Zooming in on the Bigger Picture: What Do Stars Look Like up Close?
Published Oct. 3 2023, 2:37 p.m. ET
The Gist:
- When we look up at the stars, we aren't seeing close-up details because they're so far away.
- To the unaided eye, stars look like tiny pinpricks of light in the night sky.
- Stars up close, including the sun, look a lot like large bright spheres of gas or fire.
Anytime you want to feel how small and insignificant you are in the universe, you can simply turn your eyes toward the night sky. Stars and planets look so tiny from Earth, especially to the naked eye. However, we have images of what certain stars and the sun look like when you can zoom in closer.
What does a star look like up close?
According to Sky At Night magazine, our sun is the best example of a star's appearance up close. The sun looks like a large, bright yellow disk in plenty of images captured from the moon or within the Earth's orbit. Many other stars would have much in common with the sun when viewed from a much closer distance.
NASA explains that the color of a star is determined by its temperature, and since stars have varying temperatures, their colors also vary. The hotter a star is, the more it will appear blue or white. A star that is orange or red generally has a cooler temperature.
As Sky At Night reports, small details on the sun's surface aren't visible to the unaided eye due to its intense brightness, but dimmer stars may enable people to see some features without being up close.
Check out these photos and videos of stars up close.

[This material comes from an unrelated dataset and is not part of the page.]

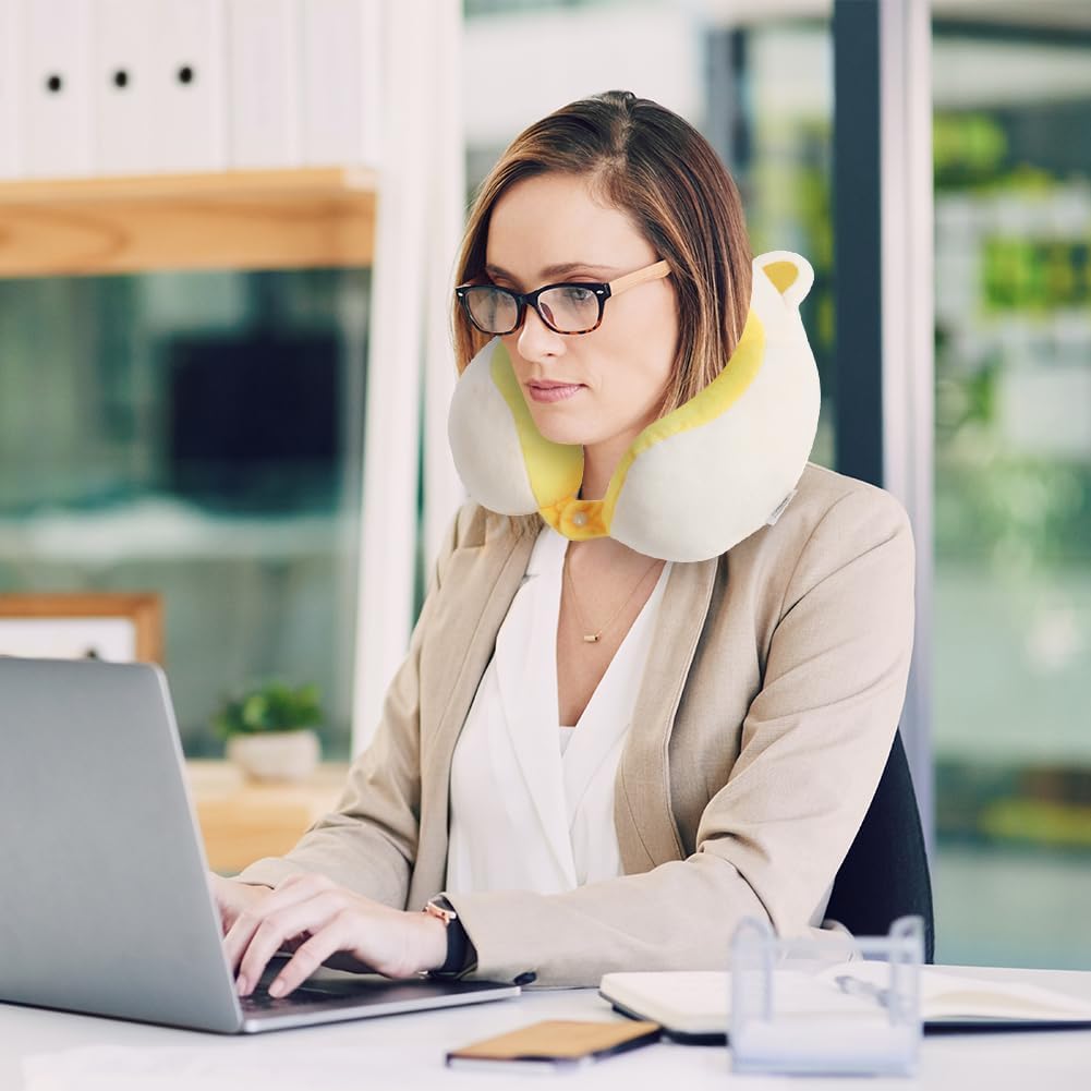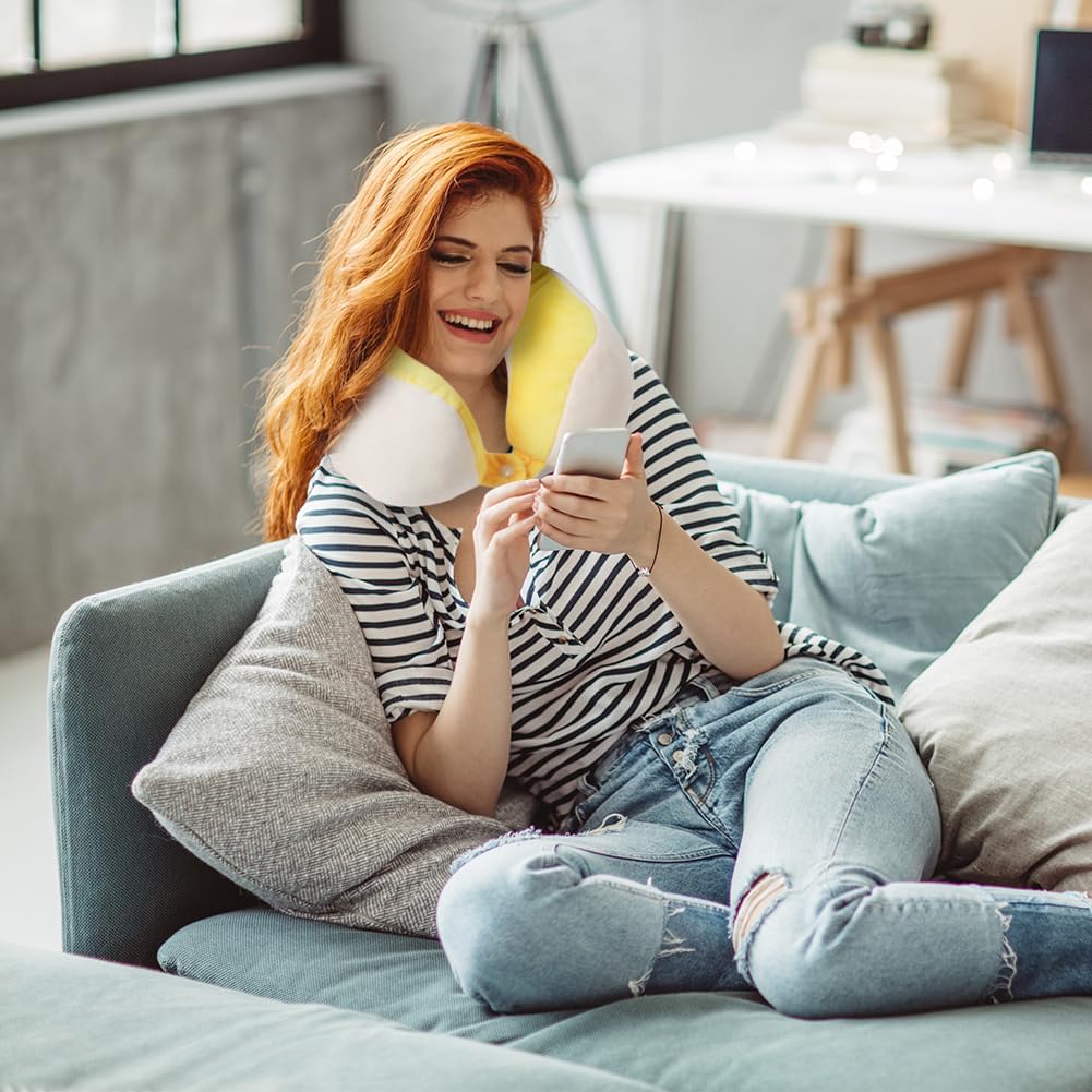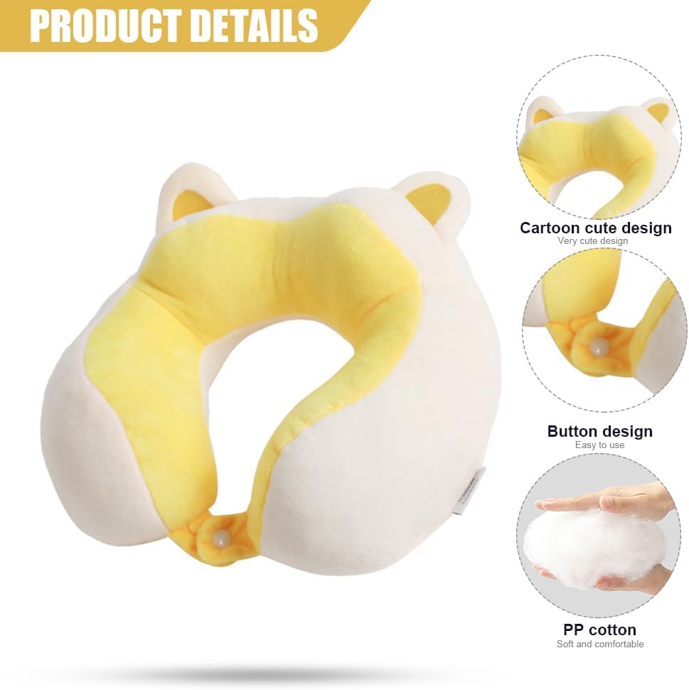 Cartoon U-Shaped Neck Pillow Travel Pillow Neck Pillow Neck Cushion 19 x 17 x 8 cm Memory Foam Neck Pillow Set Flight Plane Pillows Travel Pillow for Travel Airplane Camping Car Train (Yellow)

Some of our images are artists' renderings of how a star might look up close since it's expensive and difficult to obtain real images from outer space. This one is a concept of a red dwarf star, which is the most common and longest-living type of star, according to Space.com.
This is an image captured by the James Webb Space Telescope, showing the Rho Ophiuchi cloud complex, per WebbTelescope.org. Although this doesn't show an individual star up close, several stars are present. "The heftiest in this image is the star S1, which appears amid a glowing cave it is carving out with its stellar winds in the lower half of the image."
The Hubble Space Telescope captured this image, showing a star "ending its life by casting off its outer layers of gas." According to NASA, the white dot in the middle is a burned out star called a white dwarf, and ultraviolet light from the dying star causes it to glow.
This image from the Hubble Space Telescope shows a small young stellar object, or YSO, near the upper middle and surrounded by many other bright stars. This shows a star found in the Perseus constellation early in its life. Near the bottom is a bright cloud "of interstellar gas reflecting light from the stars embedded within it," or a reflection nebula.